Debug patch (1.53 KB, patch)
2010-06-09 22:53 UTC, Rafael J. Wysocki
Details | Diff
dmesg for comment #47 (80.30 KB, text/plain)
2010-06-10 18:30 UTC, Jaroslav Kameník
Details
Debug patch #2 (582 bytes, patch)
2010-06-10 22:37 UTC, Rafael J. Wysocki
Details | Diff
dsdt - f.08 (111.72 KB, application/octet-stream)
2010-06-11 08:42 UTC, Jaroslav Kameník
Details
dmesg for comment #51 (171.54 KB, application/octet-stream)
2010-06-11 08:44 UTC, Jaroslav Kameník
Details
Debug patch #3 (1.80 KB, patch)
2010-06-12 12:19 UTC, Rafael J. Wysocki
Details | Diff
Debug patch #4 (782 bytes, patch)
2010-06-12 19:59 UTC, Rafael J. Wysocki
Details | Diff
dmesg for Comment #55 (244.29 KB, text/plain)
2010-06-14 19:14 UTC, Jaroslav Kameník
Details
PCI / PM: Do not use native PCIe PME by default (3.16 KB, patch)
2010-06-17 20:13 UTC, Rafael J. Wysocki
Details | Diff

Description Jaroslav Kameník 2010-05-06 21:12:21 UTC
Created attachment 26268 [details]
acpidump

hardware: laptop HP 8540w (i7 620M, 8GB ram, BIOS F.06)

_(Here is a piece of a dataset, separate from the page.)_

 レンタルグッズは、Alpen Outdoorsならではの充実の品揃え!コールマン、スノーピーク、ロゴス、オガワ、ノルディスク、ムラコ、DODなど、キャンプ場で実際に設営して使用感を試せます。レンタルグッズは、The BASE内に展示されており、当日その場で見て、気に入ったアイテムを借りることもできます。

I found this problem on OpenSuse 11.3 M5 and M6 with kernels 2.6.34 RC3 and 2.6.34 RC5 but it persists even with original 2.6.34 RC6 from kernel.org. (We discussed it on OSS bugzilla - https://bugzilla.novell.com/show_bug.cgi?id=601270)

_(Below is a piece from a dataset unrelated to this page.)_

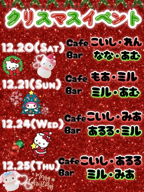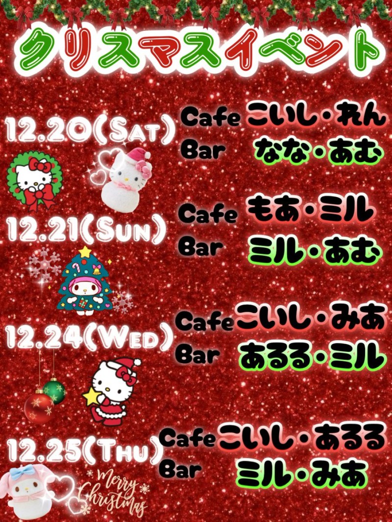 【イベント告知】 ✨🕯️🎄クリスマスイベント🎄🕯️✨ 12月20日(土) C:こいし・れん B:なな・あむ 21日(日) C:もあ・ミル B:ミル・あむ 24日(水) C:こいし・みあ B:あるる・ミル 25日(木) C:こいし・あるる B:ミル・みあ 一緒に素敵なクリスマス過ごしましょう⛄️✨ ご帰宅お待ちしております🎅🏼♥️ https://t.co/mjxRqJuXX0

On OSS 11.3 M3 with older kernel 2.6.33.3 problem didn't occure.

I found that after dissabling USB port in BIOS kacpid stops to consume CPU. Laptop has USB3 ports, so maybe problem is there...
Comment 1 Jaroslav Kameník 2010-05-06 21:14:18 UTC
Created attachment 26269 [details]
acpi interupts on 2.6.34-rc5
Comment 2 Rafael J. Wysocki 2010-05-06 21:56:16 UTC
Please attach the output of acpidump and the contents of /proc/acpi/wakeup .
Comment 3 Jaroslav Kameník 2010-05-07 08:00:32 UTC
Created attachment 26271 [details]
acpidump with 2.6.34-rc6
Comment 4 Jaroslav Kameník 2010-05-07 08:01:43 UTC
Created attachment 26272 [details]
acpi/wakeup with 2.6.33
Comment 5 Jaroslav Kameník 2010-05-07 08:02:16 UTC
Created attachment 26273 [details]
acpi/wakeup with 2.3.34.rc6
Comment 6 Zhang Rui 2010-05-10 06:18:34 UTC
please attach the lspci -vvxxx output when the interrupt storms happens.
Comment 7 Len Brown 2010-05-10 06:59:39 UTC
> /sys/firmware/acpi/interrupts/gpe01:  246416	enabled

GPE01 appears to be the problem

Does the kacpid thrashing stop after this?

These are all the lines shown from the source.